» **WORK TO COMPLETE**
Please write out only the lines from the line with "Jovelyn Disco Font" to the line with "Montag früh, die", inclusive, exactly as they stand below, without the pictures.
Segment Start: ENTRIES SHOWN
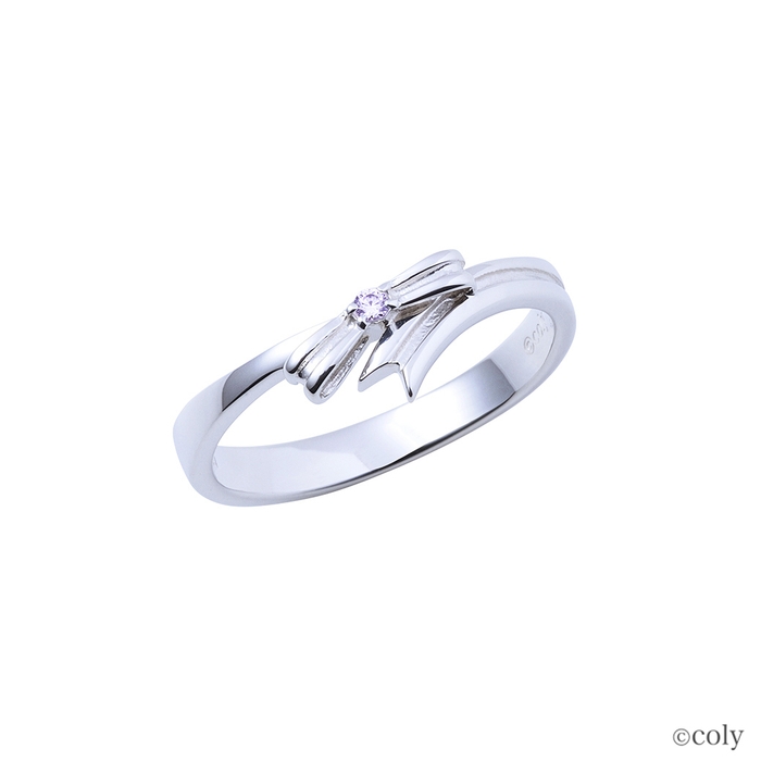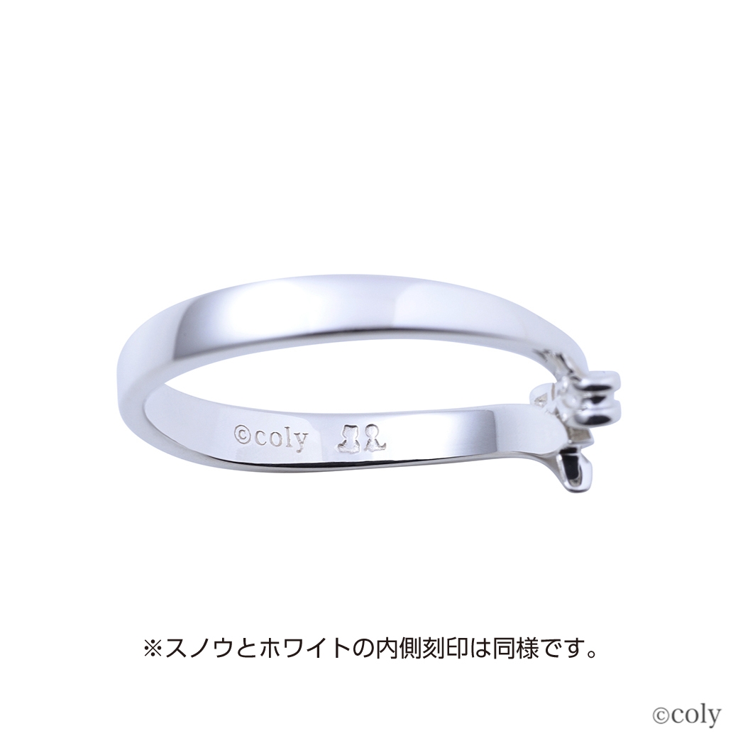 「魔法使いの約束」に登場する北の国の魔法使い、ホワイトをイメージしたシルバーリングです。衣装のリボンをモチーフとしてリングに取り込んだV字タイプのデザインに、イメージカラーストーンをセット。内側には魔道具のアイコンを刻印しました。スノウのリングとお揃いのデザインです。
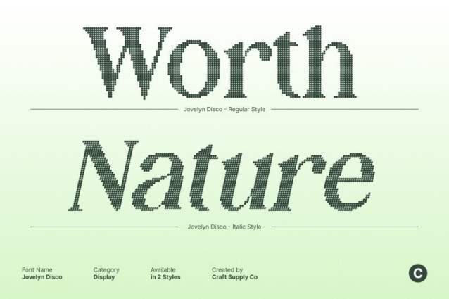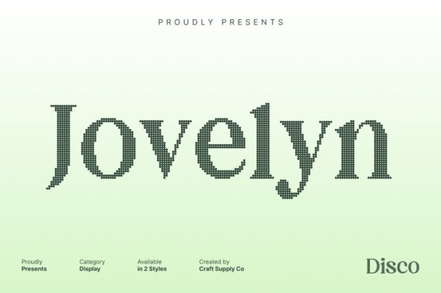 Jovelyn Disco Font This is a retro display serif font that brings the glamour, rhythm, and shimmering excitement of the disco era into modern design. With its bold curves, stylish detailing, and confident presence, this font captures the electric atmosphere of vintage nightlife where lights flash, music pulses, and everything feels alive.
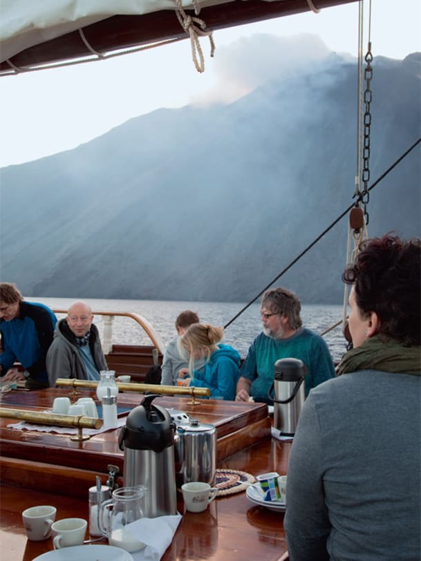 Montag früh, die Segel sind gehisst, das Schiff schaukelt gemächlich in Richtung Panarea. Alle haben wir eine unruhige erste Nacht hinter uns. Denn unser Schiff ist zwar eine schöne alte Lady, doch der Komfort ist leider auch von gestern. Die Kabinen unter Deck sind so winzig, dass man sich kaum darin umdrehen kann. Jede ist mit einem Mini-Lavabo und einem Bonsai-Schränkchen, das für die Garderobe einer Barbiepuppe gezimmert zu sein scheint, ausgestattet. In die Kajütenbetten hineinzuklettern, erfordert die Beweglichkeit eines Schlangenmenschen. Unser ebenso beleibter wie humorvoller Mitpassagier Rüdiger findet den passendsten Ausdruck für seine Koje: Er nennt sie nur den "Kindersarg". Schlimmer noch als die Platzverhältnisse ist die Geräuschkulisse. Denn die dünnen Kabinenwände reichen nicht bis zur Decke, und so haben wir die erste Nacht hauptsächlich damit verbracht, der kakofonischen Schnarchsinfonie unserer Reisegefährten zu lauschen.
Segment End: ENTRIES SHOWN
Segment Start: ENTRIES SHOWN
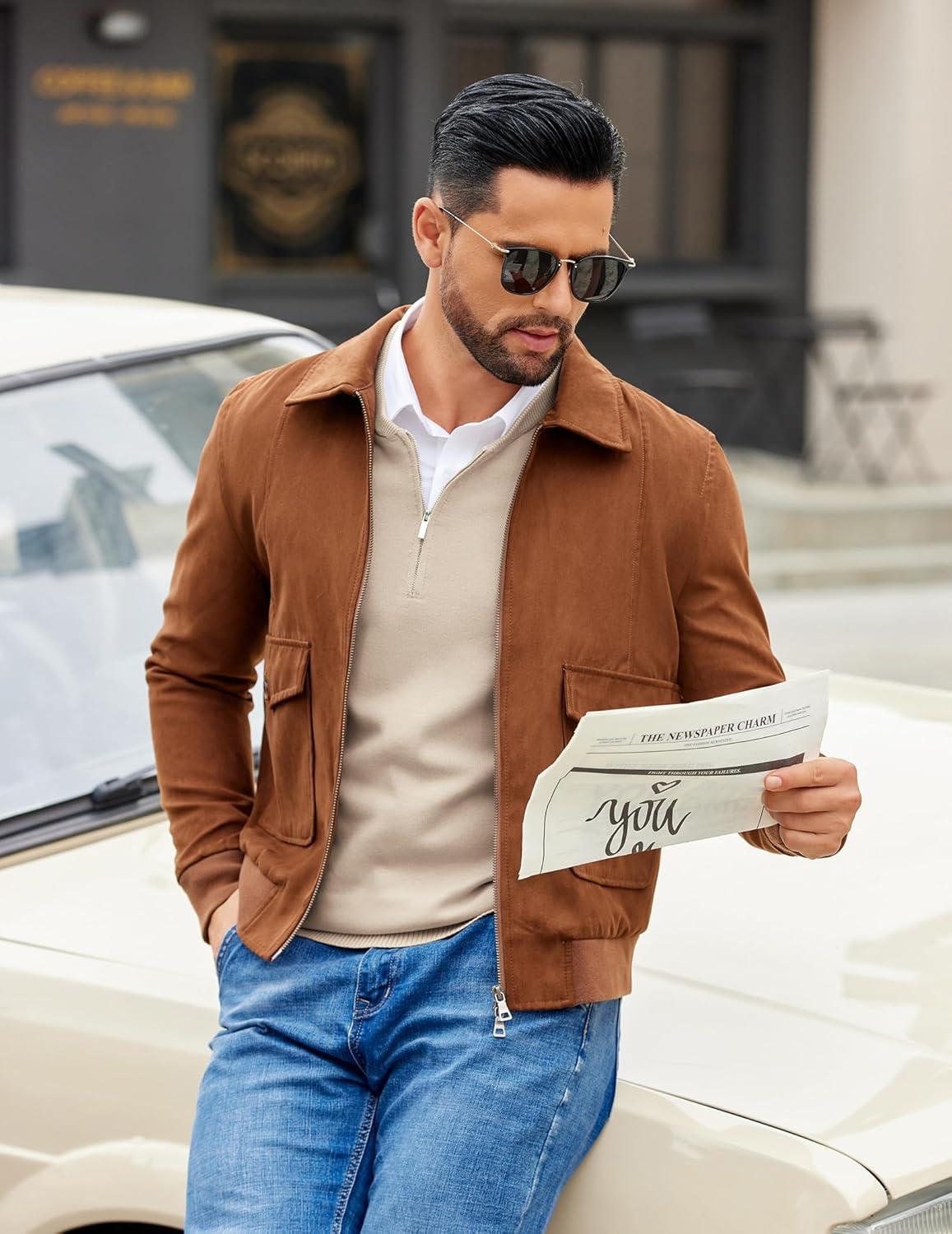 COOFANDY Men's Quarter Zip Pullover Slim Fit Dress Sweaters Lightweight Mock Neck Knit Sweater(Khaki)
Segment End: ENTRIES SHOWN
» **YOUR SOLUTION**
 Jovelyn Disco Font This is a retro display serif font that brings the glamour, rhythm, and shimmering excitement of the disco era into modern design. With its bold curves, stylish detailing, and confident presence, this font captures the electric atmosphere of vintage nightlife where lights flash, music pulses, and everything feels alive.
 Montag früh, die Segel sind gehisst, das Schiff schaukelt gemächlich in Richtung Panarea. Alle haben wir eine unruhige erste Nacht hinter uns. Denn unser Schiff ist zwar eine schöne alte Lady, doch der Komfort ist leider auch von gestern. Die Kabinen unter Deck sind so winzig, dass man sich kaum darin umdrehen kann. Jede ist mit einem Mini-Lavabo und einem Bonsai-Schränkchen, das für die Garderobe einer Barbiepuppe gezimmert zu sein scheint, ausgestattet. In die Kajütenbetten hineinzuklettern, erfordert die Beweglichkeit eines Schlangenmenschen. Unser ebenso beleibter wie humorvoller Mitpassagier Rüdiger findet den passendsten Ausdruck für seine Koje: Er nennt sie nur den "Kindersarg". Schlimmer noch als die Platzverhältnisse ist die Geräuschkulisse. Denn die dünnen Kabinenwände reichen nicht bis zur Decke, und so haben wir die erste Nacht hauptsächlich damit verbracht, der kakofonischen Schnarchsinfonie unserer Reisegefährten zu lauschen.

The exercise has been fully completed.